Exercise description> Each line below needs to be returned exactly. Skip any picture.

Stored items>
- - -

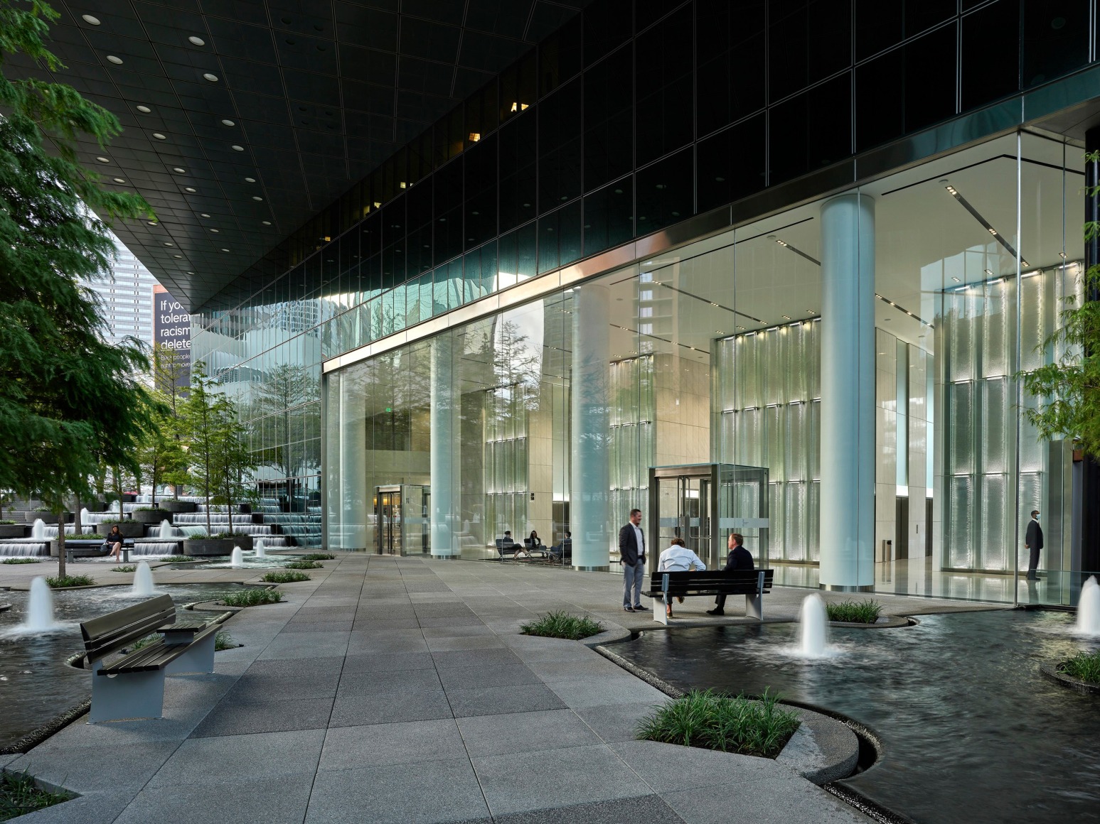 Creating an uncommon public space for Dallas, the re-imagined Public Spaces for Fountain Place complements and reinforces the original landmark design creating a seamless marriage between the abstract late modern geometry of the I.M. Pei Tower to the verdant limpid watery oasis of Dan Kiley’s Garden.
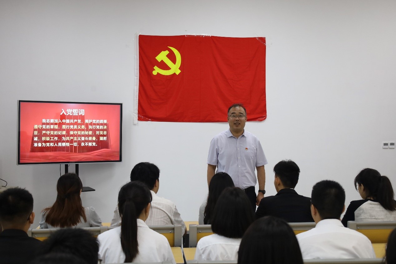 7月1日,正值中国共产党成立103周年,足球直播515官网 本科生党支部与研究生党支部于孔子书院B106会议室举行预备党员集体宣誓仪式。足球直播515官网 党委副书记王建阳同志、研究生第一党支部书记孙峰同志、本科生第二党支部书记刘贤贤同志、本科生第一党支部副书记闫浩同志、本科生第三党支部书记董经同志出席会议,足球直播515 2024年新发展党员参加本次宣誓仪式。
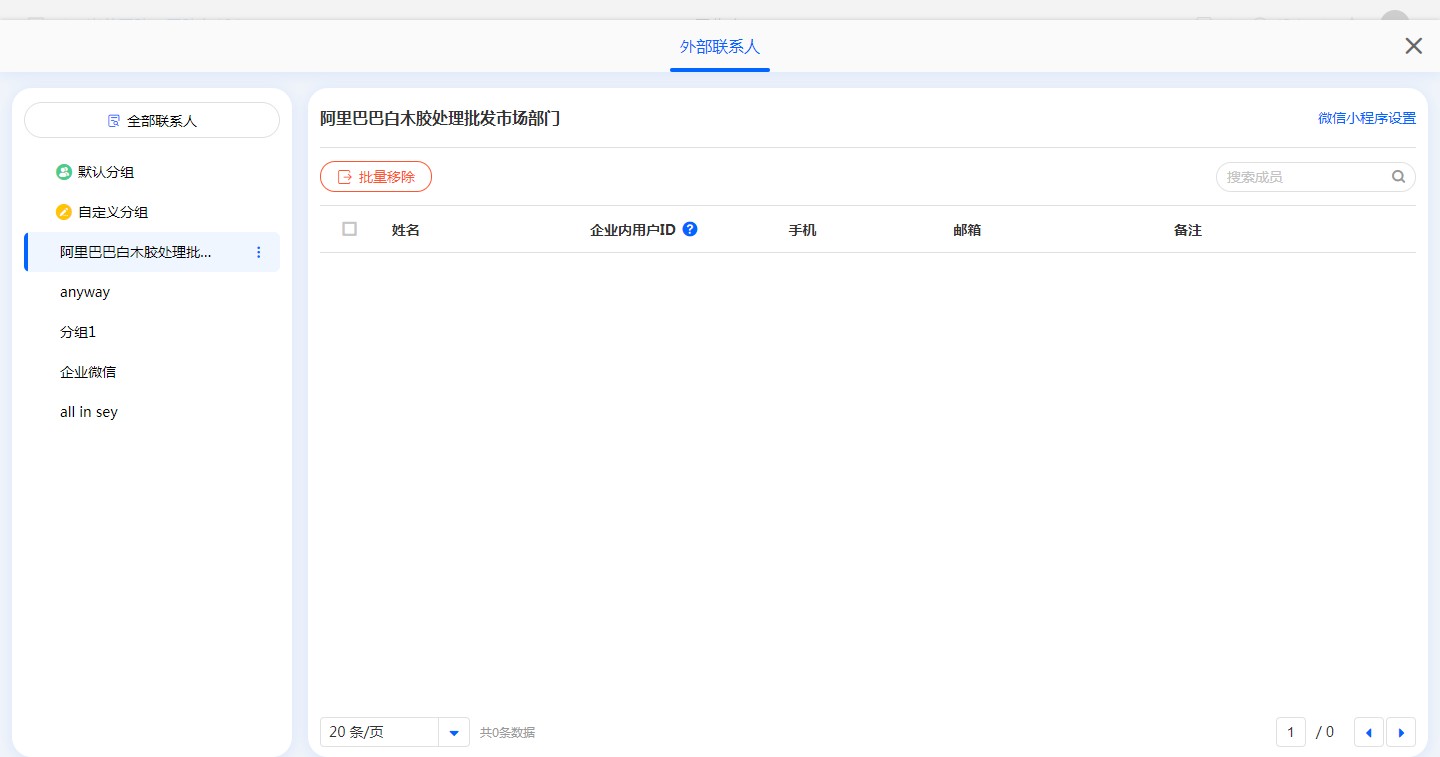 当外部联系人作为普通管理员时,仅能管理外部联系人,无内部通讯录面板!
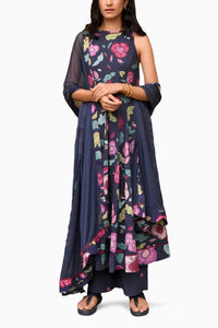 Featuring a kurta set in Persian blue color is tailored in mulmul fabric. Fitted at the bust and flared at the bottom, it has a high neckline with raglan-cut sleeves and pockets on both sides. It has foliage print all over and has a potli button closure at the back. It comes with floral print cotton pants and chiffon dupatta having a statement border to complete the set.
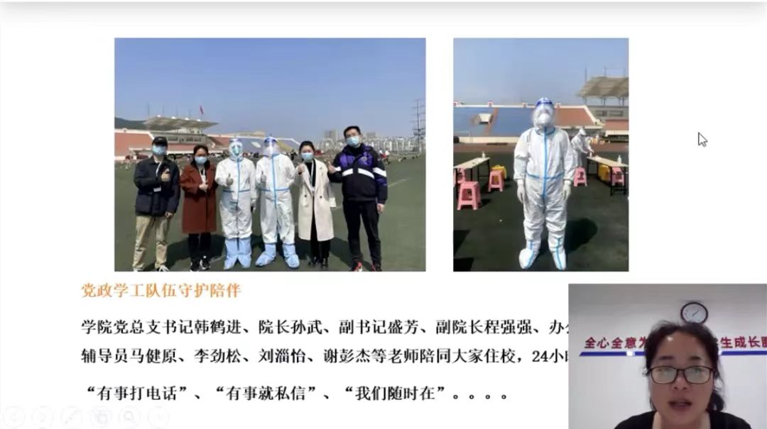 贴心呵护,心理陪伴。根据封校初期学生不适应、吐槽多等阶段性特征,她组织“共抗疫情,你我同行”线上主题班会大课,向同学们介绍徐州市疫情防控局面、HJC黄金城疫情防控工作情况、疫情防控期间校园管理规定、学生在校(居家/集中隔离)学习生活健康指南,从疫情期间心理健康关怀、校园生活温馨提醒、防范电信网络诈骗等方面给同学们做细致讲解,增强同学们的疫情防护意识,坚定大家战胜疫情的信心和决心。
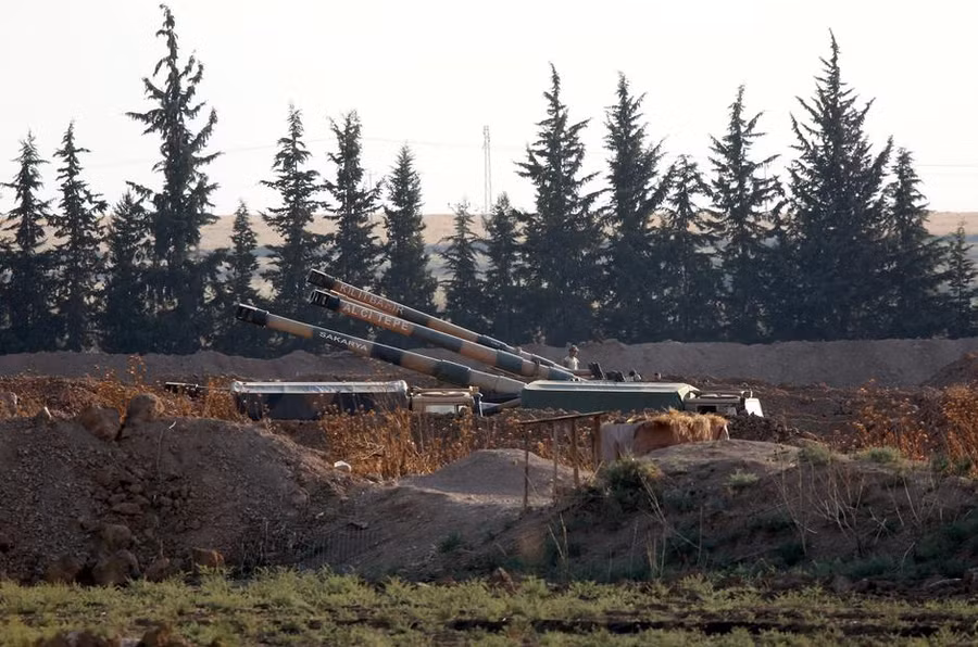 Pháo binh của quân đội Thổ Nhĩ Kỳ được bố trí ở biên giới Thổ Nhĩ Kỳ - Syria (ảnh: Reuters)

- - -

Task answer>
 Creating an uncommon public space for Dallas, the re-imagined Public Spaces for Fountain Place complements and reinforces the original landmark design creating a seamless marriage between the abstract late modern geometry of the I.M. Pei Tower to the verdant limpid watery oasis of Dan Kiley’s Garden.
 7月1日,正值中国共产党成立103周年,足球直播515官网 本科生党支部与研究生党支部于孔子书院B106会议室举行预备党员集体宣誓仪式。足球直播515官网 党委副书记王建阳同志、研究生第一党支部书记孙峰同志、本科生第二党支部书记刘贤贤同志、本科生第一党支部副书记闫浩同志、本科生第三党支部书记董经同志出席会议,足球直播515 2024年新发展党员参加本次宣誓仪式。
 当外部联系人作为普通管理员时,仅能管理外部联系人,无内部通讯录面板!
 Featuring a kurta set in Persian blue color is tailored in mulmul fabric. Fitted at the bust and flared at the bottom, it has a high neckline with raglan-cut sleeves and pockets on both sides. It has foliage print all over and has a potli button closure at the back. It comes with floral print cotton pants and chiffon dupatta having a statement border to complete the set.
 贴心呵护,心理陪伴。根据封校初期学生不适应、吐槽多等阶段性特征,她组织“共抗疫情,你我同行”线上主题班会大课,向同学们介绍徐州市疫情防控局面、HJC黄金城疫情防控工作情况、疫情防控期间校园管理规定、学生在校(居家/集中隔离)学习生活健康指南,从疫情期间心理健康关怀、校园生活温馨提醒、防范电信网络诈骗等方面给同学们做细致讲解,增强同学们的疫情防护意识,坚定大家战胜疫情的信心和决心。
 Pháo binh của quân đội Thổ Nhĩ Kỳ được bố trí ở biên giới Thổ Nhĩ Kỳ - Syria (ảnh: Reuters)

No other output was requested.